Yingying's Biography by Yuan Zhen, written in 9th-century Tang China, is a pioneering work of psychological fiction in the form of a short story (chuanqi). The Tale of Genji by Lady Murasaki, written in 11th-century Japan, was and is considered by many, including Jorge Luis Borges, as the first full-length psychological novel. French theorists Gilles Deleuze and Félix Guattari, in A Thousand Plateaus, evaluated the 12th-century Arthurian author Chrétien de Troyes' Lancelot, the Knight of the Cart and Perceval, the Story of the Grail as early examples of the style of the psychological novel. Another early example is the Portuguese pastoral romance Menina e Moça (1554) by Bernardim Ribeiro.

Stendhal's The Red and the Black and Madame de La Fayette's The Princess of Cleves are considered the first precursors of the psychological novel. The modern psychological novel originated, according to The Encyclopedia of the Novel, primarily in the works of Nobel laureate Knut Hamsun – in particular, Hunger (1890), Mysteries (1892), Pan (1894) and Victoria (1898).

==Notable examples==
One of the greatest writers of the genre was Fyodor Dostoyevsky. His novels deal strongly with ideas, and characters who embody these ideas, how they play out in real world circumstances, and the value of them, most notably The Brothers Karamazov and Crime and Punishment.

In the literature of the United States, Henry James, Patrick McGrath, Arthur Miller, and Edith Wharton are considered "major contributor[s] to the practice of psychological realism."

== Subgenres ==

=== Psychological thriller ===

A subgenre of the thriller and psychological novel genres, emphasizing the inner mind and mentality of characters in a creative work. Because of its complexity, the genre often overlaps and/or incorporates elements of mystery, drama, action, slasher, and horror — often psychological horror. It bears similarities to the Gothic and detective fiction genres.

=== Psychological horror ===

A subgenre of the horror and psychological novel genres that relies on the psychological, emotional and mental states of characters to generate horror. On occasions, it overlaps with the psychological thriller subgenre to enhance the story suspensefully.

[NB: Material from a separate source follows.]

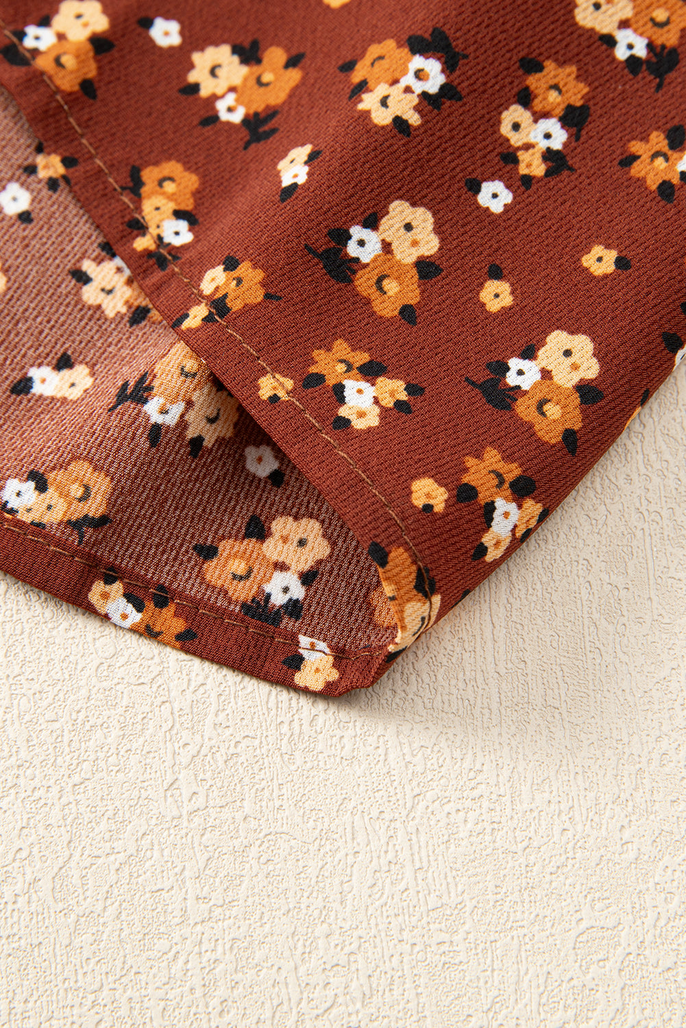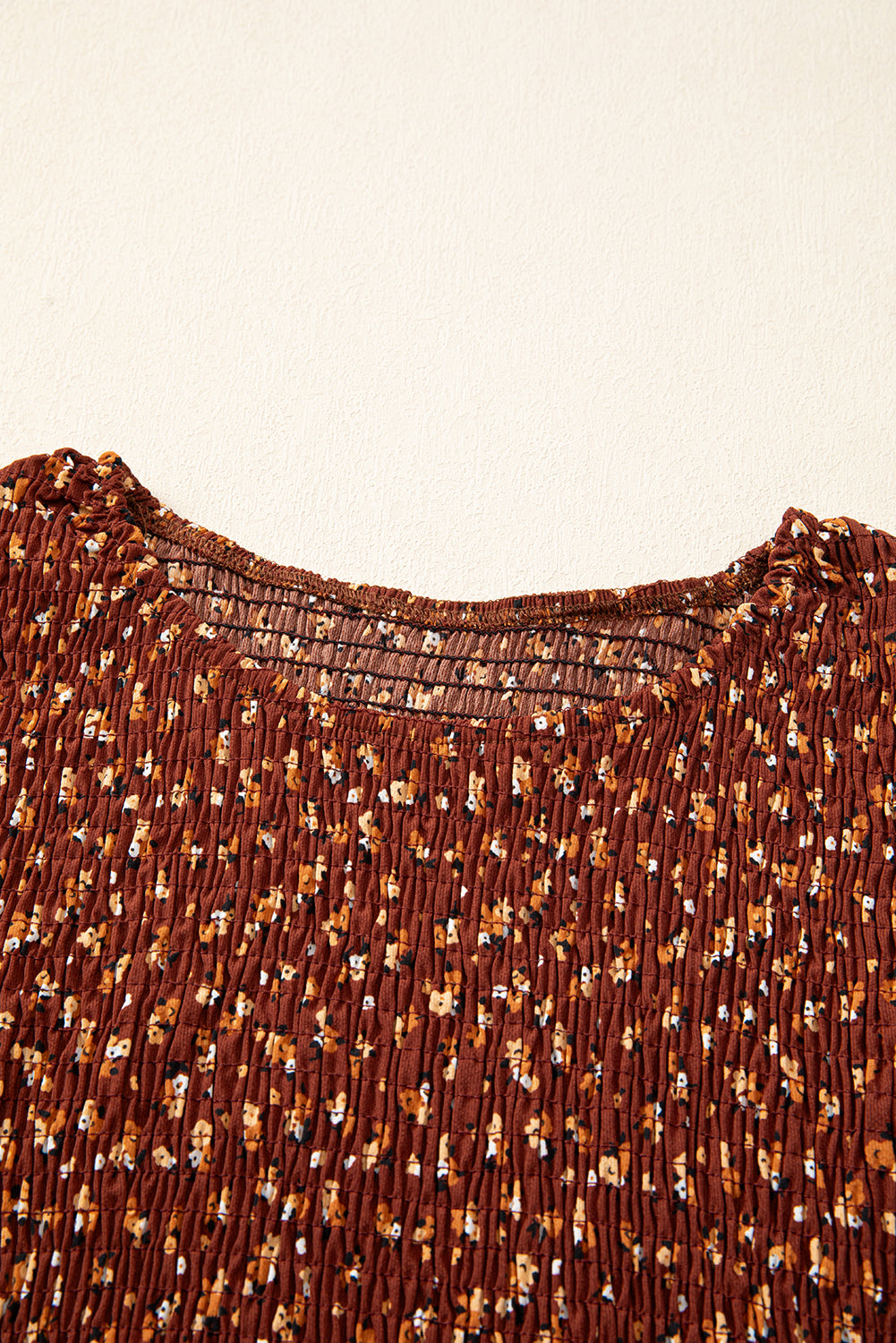Boho Floral Smocked Bust Ruffled Peplum Blouse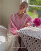Ea Shirt is a loose, feminine shirt made in 100% organic cotton, featuring a beautiful, romantic all-over print. It has long, voluminous balloon sleeves gathered into slim cuffs with button closure. The shirt features a deep V-neckline and a front placket with delicate mother-of-pearl buttons.

=== Psychological drama ===

A subgenre of the drama and psychological novel genres, focuses upon the emotional, mental, and psychological development of characters in a dramatic work. One Flew Over the Cuckoo's Nest (1975) and Requiem for a Dream (2000), both based on novels, are notable examples of this subgenre.

=== Psychological science fiction ===

Psychological science fiction refers to works that focus is on the character's inner struggle dealing with political or technological forces. A Clockwork Orange (1971) is a notable example of this genre.